=== DATA TO USE ===
★ ★ ★

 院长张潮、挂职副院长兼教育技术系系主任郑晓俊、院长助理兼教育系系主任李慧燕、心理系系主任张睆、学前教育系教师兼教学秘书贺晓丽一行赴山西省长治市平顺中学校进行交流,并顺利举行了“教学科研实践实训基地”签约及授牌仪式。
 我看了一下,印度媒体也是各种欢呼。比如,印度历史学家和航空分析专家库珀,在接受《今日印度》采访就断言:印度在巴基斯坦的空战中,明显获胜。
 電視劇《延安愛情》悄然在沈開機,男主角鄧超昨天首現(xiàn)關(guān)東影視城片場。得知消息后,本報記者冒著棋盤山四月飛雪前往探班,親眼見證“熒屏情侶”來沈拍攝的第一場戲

★ ★ ★

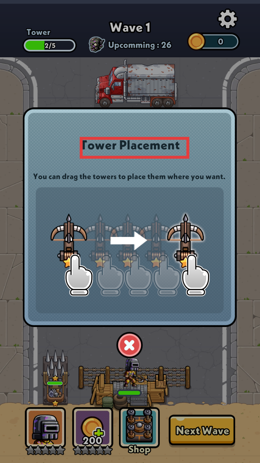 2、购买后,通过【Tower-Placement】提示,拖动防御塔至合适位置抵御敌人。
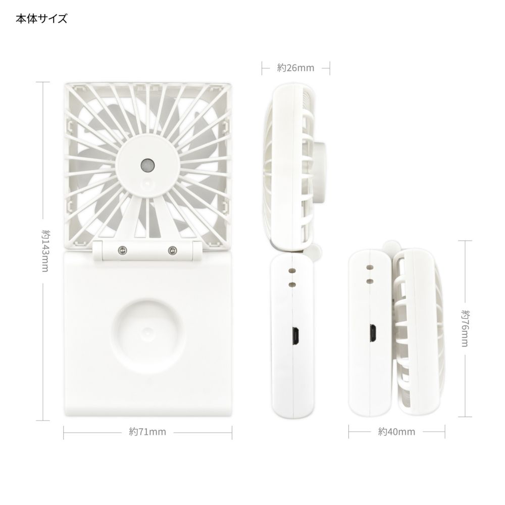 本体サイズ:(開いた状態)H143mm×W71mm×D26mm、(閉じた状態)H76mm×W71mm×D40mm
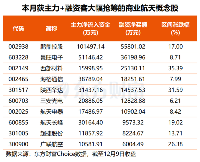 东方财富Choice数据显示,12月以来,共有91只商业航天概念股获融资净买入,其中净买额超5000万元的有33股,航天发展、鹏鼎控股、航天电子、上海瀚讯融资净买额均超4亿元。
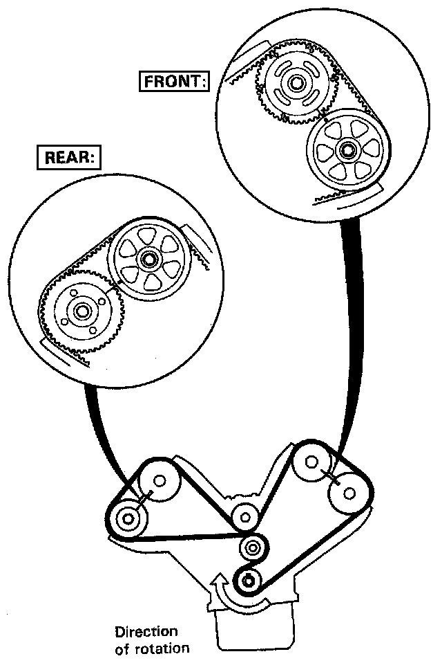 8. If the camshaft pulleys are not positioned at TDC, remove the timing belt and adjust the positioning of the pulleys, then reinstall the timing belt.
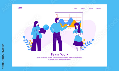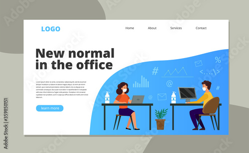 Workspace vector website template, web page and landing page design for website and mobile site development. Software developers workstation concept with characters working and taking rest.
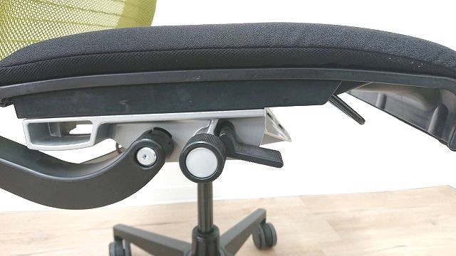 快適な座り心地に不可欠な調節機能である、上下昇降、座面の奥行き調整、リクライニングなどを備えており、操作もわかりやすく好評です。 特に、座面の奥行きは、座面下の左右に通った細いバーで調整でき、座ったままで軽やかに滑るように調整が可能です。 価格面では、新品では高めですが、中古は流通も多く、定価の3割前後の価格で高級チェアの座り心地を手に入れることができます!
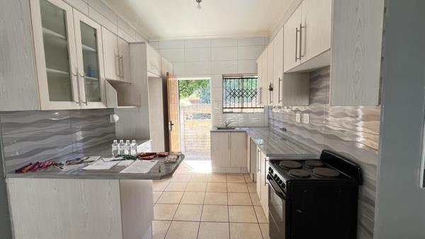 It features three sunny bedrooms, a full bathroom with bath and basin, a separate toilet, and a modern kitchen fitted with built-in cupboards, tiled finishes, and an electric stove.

★ ★ ★

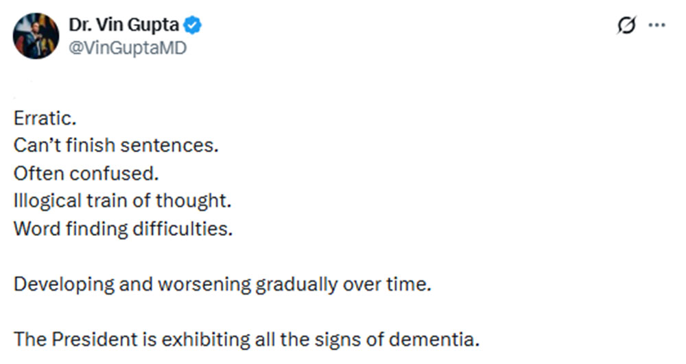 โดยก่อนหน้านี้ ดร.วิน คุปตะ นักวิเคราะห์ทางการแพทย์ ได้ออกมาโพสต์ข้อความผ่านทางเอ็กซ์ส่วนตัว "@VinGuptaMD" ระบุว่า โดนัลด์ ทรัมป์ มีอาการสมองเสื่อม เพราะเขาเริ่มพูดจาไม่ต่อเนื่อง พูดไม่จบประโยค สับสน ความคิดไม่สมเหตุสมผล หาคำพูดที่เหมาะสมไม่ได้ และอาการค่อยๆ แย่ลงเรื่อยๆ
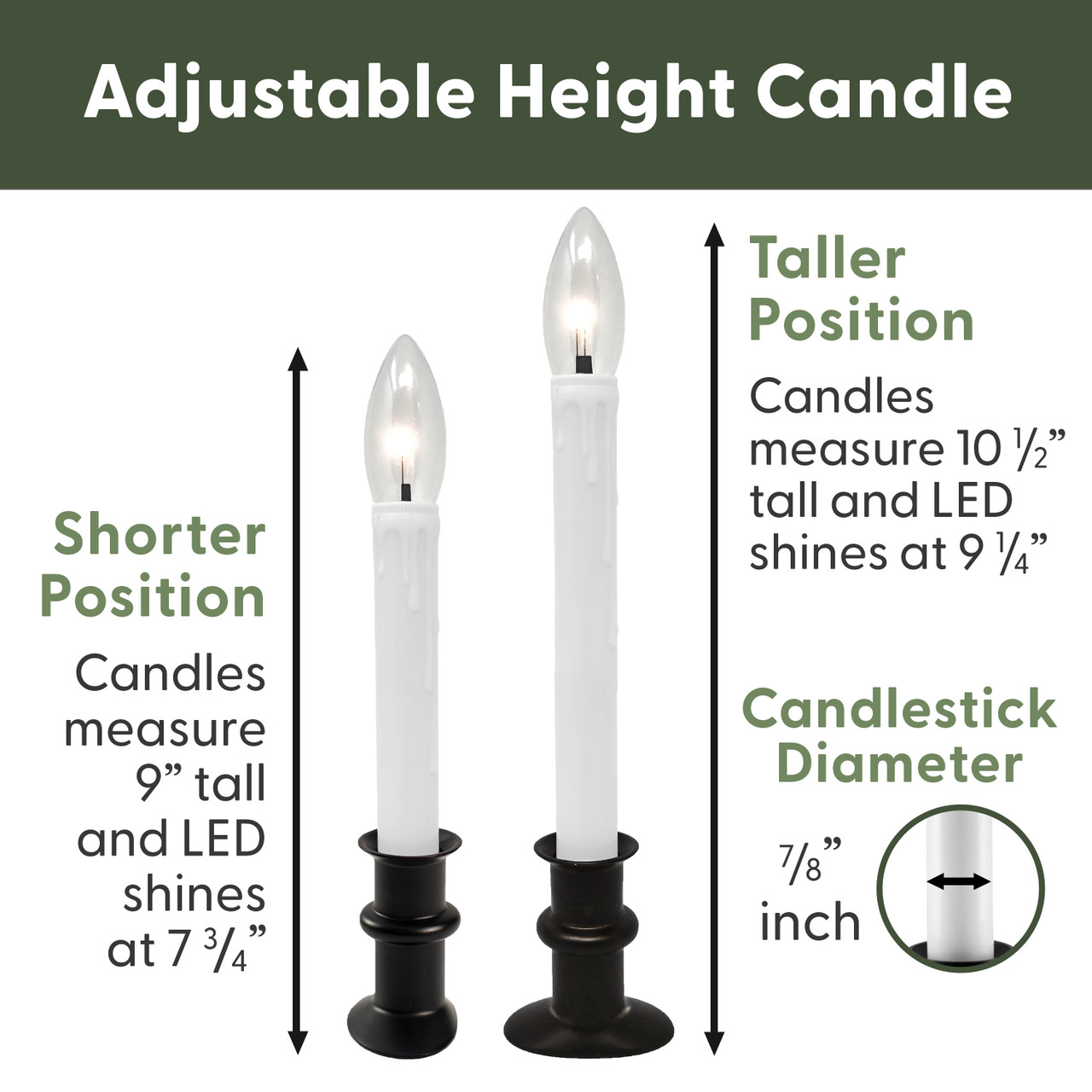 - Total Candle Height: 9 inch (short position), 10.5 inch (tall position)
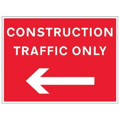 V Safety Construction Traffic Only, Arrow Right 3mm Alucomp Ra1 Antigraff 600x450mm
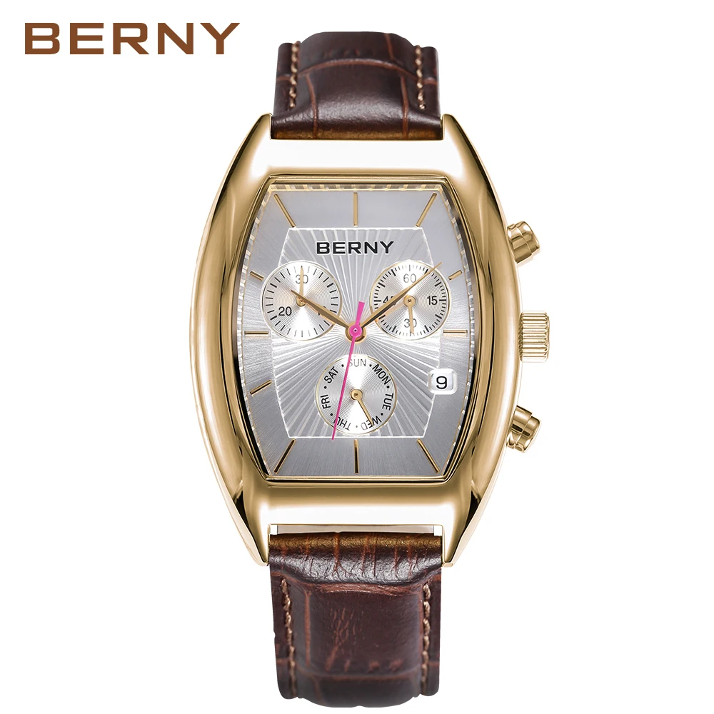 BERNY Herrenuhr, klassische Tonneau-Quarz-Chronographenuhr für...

★ ★ ★

=== TASK REQUIREMENTS ===
Every line above from the line with "院长张潮、挂职副院长兼教育技" to the line with "電視劇《延安愛情》悄然在沈開" is wanted, ends included; write them out exactly and add no other line.

=== ANSWER SPACE ===
 院长张潮、挂职副院长兼教育技术系系主任郑晓俊、院长助理兼教育系系主任李慧燕、心理系系主任张睆、学前教育系教师兼教学秘书贺晓丽一行赴山西省长治市平顺中学校进行交流,并顺利举行了“教学科研实践实训基地”签约及授牌仪式。
 我看了一下,印度媒体也是各种欢呼。比如,印度历史学家和航空分析专家库珀,在接受《今日印度》采访就断言:印度在巴基斯坦的空战中,明显获胜。
 電視劇《延安愛情》悄然在沈開機,男主角鄧超昨天首現(xiàn)關(guān)東影視城片場。得知消息后,本報記者冒著棋盤山四月飛雪前往探班,親眼見證“熒屏情侶”來沈拍攝的第一場戲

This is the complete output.